Енисеев бодро шагал, молодея.

Не хотелось сидеть в номере: звонили тонкозвучно и весело к ранней обедне.

Енисеев пошел в монастырь.

За монастырской оградой своя особая тишина, быт, овеянный ладаном. Прошла монахиня деловито с ключом-гигантом в руке.

Большая церковь была заперта; в малую старую двери были открыты.

Там еще пусто, еще нет службы.

Послушница неслышно бродит, убирая, приводя церковь в порядок. На стенах кое-где уцелела древняя роспись. Круто надвинулись вековые своды. И вот потекли монахини.

Старые, молодые, суровые, добродушные, надменные и смиренные — выплывали они откуда-то и потом исчезали в глубине клиросов и в боковых проходах.

Они входили с поклонами, крестясь. И мерны были их движения. И казалось, что складки их одежды уже поют тихо, полувнятно вечную песнь о жертве.

И вот пришел священник — и запел клир.

Кроме Енисеева, нет посторонних в церкви. И ему странно быть так в этой чуждой ему толпе непонятных женщин.

И церковные песни волнуют по-новому. Из открытых окон течет в церковь запах тополя навстречу ладану и сладостно дурманит сердце.

Вот рядом с Енисеевым стоит ветхая старушка. Сухие сморщенные руки перебирают четки. Желтоватое лицо уже свободно от всего суетного. Идет обедня.

Енисеев вслушивается в священные слова. И уже сердце его в плену. Как будто церковь закутана трауром. Как будто сошлись у алтаря заговорщицы и подали тайный знак друг другу: они знают особые томления, особые чары, неизъяснимую любовь.

Монахини падают на колени и вновь поднимаются. Как черные крылья, развевается креп, и когда клир поет «Честнейшую херувим и славнейшую без сравнения серафим», кажется, что сестры торжествуют свою священную и ночную победу над белым миром.

И вот, как сон, прошла мимо Енисеева бледноликая монахиня. На мгновенье встретились их глаза.

— Какие глаза у этой монахини! Как два черных факела!

После обедни, там, у себя в номере, потребовал Енисеев самовар. Влетели голуби в открытое окно, клевали хлеб на столе — совсем ручные. Из окна виден весь город: и кажется, что церквей в нем больше, чем жилья. От кремля ползут во все стороны зеленые улицы — к Волге, к полям, к рощам.

И надо всем древняя тишина.

— Надо, однако, разыскать этого Луганова… Но рано еще…

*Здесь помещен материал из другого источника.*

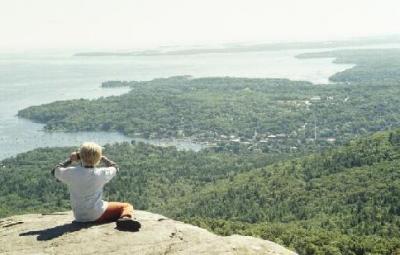 I don't recall many interesting sites along the way - there was a small stream at one point, of to the side of the trail. The view at the top is wonderful though. There's a great view of the ocean, which included many small boats tied up, at the time of year we were there. Most of the view is forestland - including Mount Battie, a smaller "mountain" nearby. There are a few buildings and roads visible as well.

И вот Елисеев бродит по городу — среди колоколен и храмов, покрытых мохом, теперь умиренных, когда-то изведавших бурные дни.

Иные церкви заколочены наглухо, и сняты с них колокола. Елисеев подходит вплотную к окнам и, легко раздвинув истлевшие доски, смотрит сквозь решетку в сумрак, где вековая пыль покрыла саваном забытый алтарь.

— Вот и Ростовская улица… И ветхий домик Луганова… На дверях карточка: надпись славянскою вязью: «Борис Семенович Луганов».

Загрузка...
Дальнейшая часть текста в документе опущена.